173.28.102.33 - - [2019-01-01:10:58:25 -0500] "https://mysite.com/login"
We first define the template as before.
template <- '{{ ip ip_address }} - - [{{ date date_time }}] "{{ url URL }}"'We then need to define our classes. ip and
url are builtins with the package, but dates come in a
variety of formats so we must explicitly define ours here. Note you can
see all builtins using default_classes()
date_parser <- parser(
'[0-9]{4}\\-[0-9]{2}\\-[0-9]{2}:[0-9]{2}:[0-9]{2}:[0-9]{2}[ ][\\-\\+][0-9]{4}',
function(x) lubridate::as_datetime(x, format = '%Y-%m-%d:%H:%M:%S %z'),
name = 'date'
)
date_parser## Parser: date
## ------------
## Matches:
## [0-9]{4}\-[0-9]{2}\-[0-9]{2}:[0-9]{2}:[0-9]{2}:[0-9]{2}[ ][\-\+][0-9]{4}
## Formatter:
## function (x)
## lubridate::as_datetime(x, format = "%Y-%m-%d:%H:%M:%S %z")

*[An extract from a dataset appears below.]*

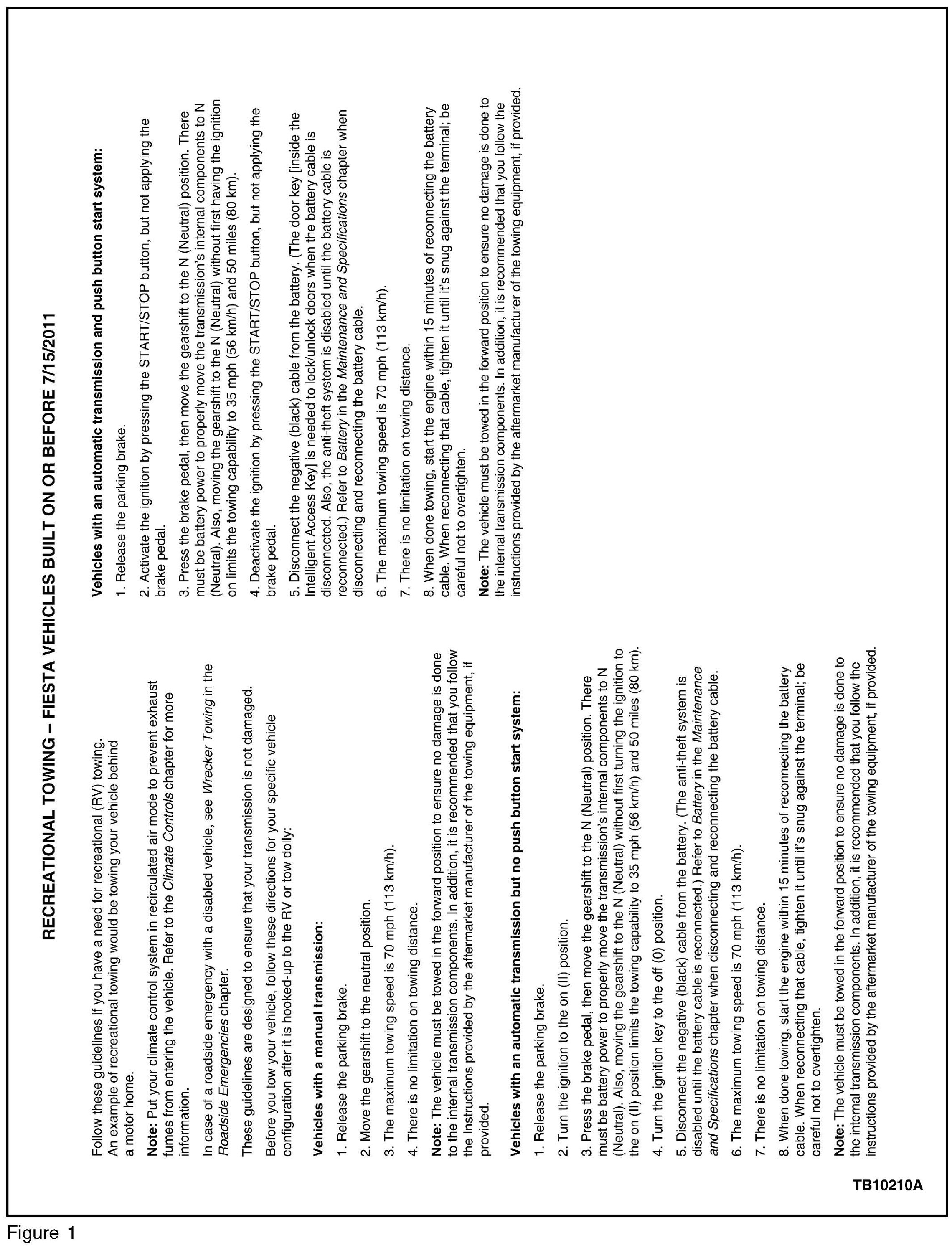 Some 2011 Fiesta and 2012 Focus vehicles built on or before 7/15/2011 and equipped with an automatic transmission may experience transmission concerns if the vehicle is towed with all four (4) wheels on the ground or flat towing.

default_classes()[c('ip', 'url')]## $ip
## Parser: ip
## ----------
## Matches:
## [0-9]{1,3}(\.[0-9]{1,3}){3}
## Formatter:
## .Primitive("(")
##
## $url
## Parser: url
## -----------
## Matches:
## (-|(?:http(s)?:\/\/)?[\w.-]+(?:\.[\w\.-]+)+[\w\-\._~:/?#[\]@!\$&'\(\)\*\+,;=.]+)
## Formatter:
## .Primitive("(")
Both ip and url require no formatting, so
they have the identity function, (( in R), as their
formatter.
To get our final output in tabular format, we simply make the follow
call to parse_logs.
# Naming the date_parser 'date' in the list tells Tabulog to use it to parse
# the field with class 'date' in the template.

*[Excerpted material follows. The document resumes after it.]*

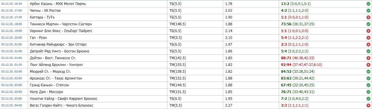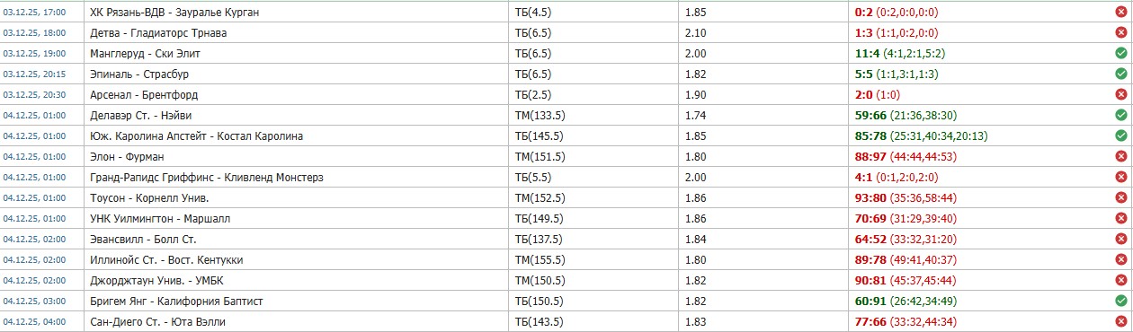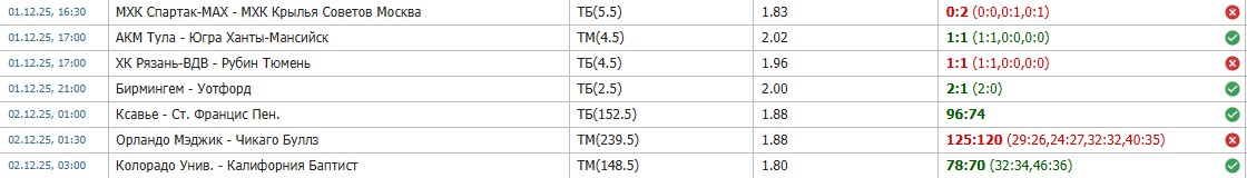 ВСЕГО СТАВОК - 0 (по состоянию на 1-е декабря)

parse_logs(readLines(log_file), template, classes = list(date = date_parser))## ip_address date_time URL
## 1 10.0.0.8 2019-01-01 15:58:12 https://mysite.com/index.html
## 2 173.28.102.33 2019-01-01 15:58:25 https://mysite.com/login
Note that we only had to pass our custom class date. The
builtin classes ip and url were included by
default.
A more elegant and portable way of completing this task would be to define the template and the custom class in the same file, which can be ported to other Tabulog libraries in other languages, leaving only the formatters to be defined in the R script.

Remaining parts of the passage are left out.